Millions at risk of financial vulnerability
11 February 2022
Living standards ‘crunch' set to stoke financial vulnerability
A series of negative compounding factors threatens a cost-of-living crisis for UK households. This could have wide-ranging implications for financial vulnerability and corporate credit risk.
This is the first of a series of articles shining a light on financial vulnerability. We dive into this topic to explore how inflation threatens living standards and interest rate trade-offs will hit the poor hardest.
Covid measures have caused long-term structural damage to the UK economy, and this is starting to be felt across the country.

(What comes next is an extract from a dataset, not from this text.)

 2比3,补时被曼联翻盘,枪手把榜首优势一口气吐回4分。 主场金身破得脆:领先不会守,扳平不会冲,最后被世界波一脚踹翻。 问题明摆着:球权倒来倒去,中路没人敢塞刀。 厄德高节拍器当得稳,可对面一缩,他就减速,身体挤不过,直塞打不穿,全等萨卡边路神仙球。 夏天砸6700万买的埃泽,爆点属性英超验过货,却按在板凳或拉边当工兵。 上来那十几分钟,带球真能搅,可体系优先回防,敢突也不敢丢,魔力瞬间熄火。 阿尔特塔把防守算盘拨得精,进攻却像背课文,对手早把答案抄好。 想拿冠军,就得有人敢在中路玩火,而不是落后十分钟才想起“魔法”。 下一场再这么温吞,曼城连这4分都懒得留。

The average UK family faces a £2,000 hike in annual bills – enough to force millions into a vulnerable financial position. Rising inflation (driven by energy costs) and interest rates will hit lower-income households hardest. At the same time, many businesses are themselves indebted and face a difficult trading environment with potentially spiralling costs. Businesses must be taking steps to identify newly vulnerable customer groups, to uphold their regulatory and societal obligations, while ensuring they are best positioned for this new economic context.

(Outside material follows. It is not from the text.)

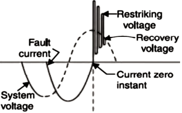 The current interruption in the circuit depends on the restriking voltage.

There has been a welcome rebound in economic activity since the end of lockdowns, but it is now clear that the UK economy will be structurally damaged. The economy is thought to have returned to pre-crisis levels of GDP, but what has been forgone by way of economic activity will not be recouped. The trend rate of growth has been permanently altered.
The consequences of this have been born out in the labour market. While the furlough scheme insulated workers from the full force of the government restrictions on economic activity, the effects were not evenly distributed.
Figure 1 shows that lower-income groups were up to 50% more likely to be furloughed during lockdown months, and as a consequence were the most likely to report lost income and depleted savings (Figure 2). Similarly, while 90% of furloughed workers have since returned to work, or found other employment, the remaining 10% are disproportionately found in lower-income groups. Young people, in particular, were more affected, owing to their high prevalence in hospitality and retail sectors.
This creates a vulnerable macro–context with signs of distress already elevated for certain groups.
It is within this fragile context that the economy now faces two other compounding challenges, amounting to a “cost of living crisis.” The first of these is inflationary pressures.
Inflation threatens living standards
Rising inflationary pressure threatens to undermine the wage recovery seen in recent months, and to compound a cost-of-living crisis for vulnerable groups.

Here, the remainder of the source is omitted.